Pat Lynch: Need to raise taxes on rich (Real Cause of Deficit Pt 6)(Famous Arkansans, Wayne Jackson)

 

The liberal Pat Lynch in his article “Worry Inc.” Arkansas Democrat- Gazette, April 4, 2011 commented:

While the budget cutters are busy going after programs that help mere citizens, any notion of bringing taxrates for the wealthy back to the levels of the Clinton era, when there was a federal surplus, is off the table.

Liberals always think they can raise the taxes on the rich and everything else will take care of itself. The problem with our deficit is not that the politicians need more money but they need to spend less. I heard Congressman Tim Griffin say that on Monday.

Brian Riedl of The Heritage Foundation discusses the newly released budget by President Bush.
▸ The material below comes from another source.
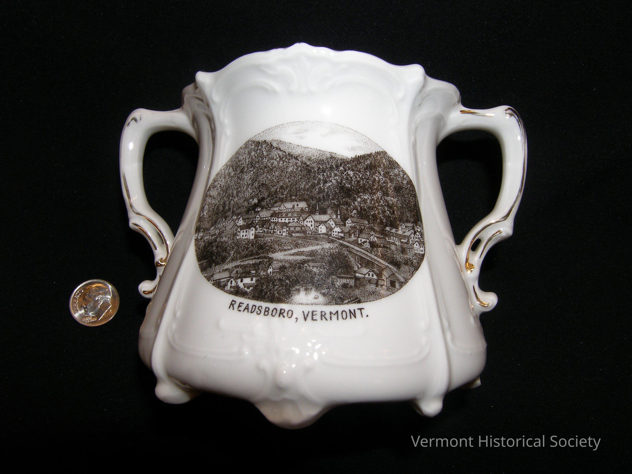 White porcelain sugar bowl with two handles. The bowl sits on 6 small feet. It narrows in the upper portion before flaring at the rim. One side of the bowl is printed with a scenic illustration of a town seen from above. The town is in a valley with rolling mountains behind. The image is labeled, "READSBORO, VERMONT." The bottom of the bowl is marked, "MADE IN GERMANY FOR H. T. GOODELL, READSBORO, VERMONT."Context

Brian Riedl is the author of the article “The Three Biggest Myths About Tax Cuts and the Budget Deficit,” (Heritage Foundation, June 21, 2010), and the next few days I will be sharing portions of his article

Riedl’s budget research has been featured in front-page stories and editorials in The New York Times, The Wall Street Journal, The Washington Post and The Los Angeles Times. He has discussed budget policy on NBC, CBS, PBS, CNN, FOX News, MSNBC, and C-SPAN. He also participates in the bipartisan “Fiscal Wake-Up Tour,” which holds town hall meetings across America focusing on the looming crisis in Social Security, Medicare, and Medicaid.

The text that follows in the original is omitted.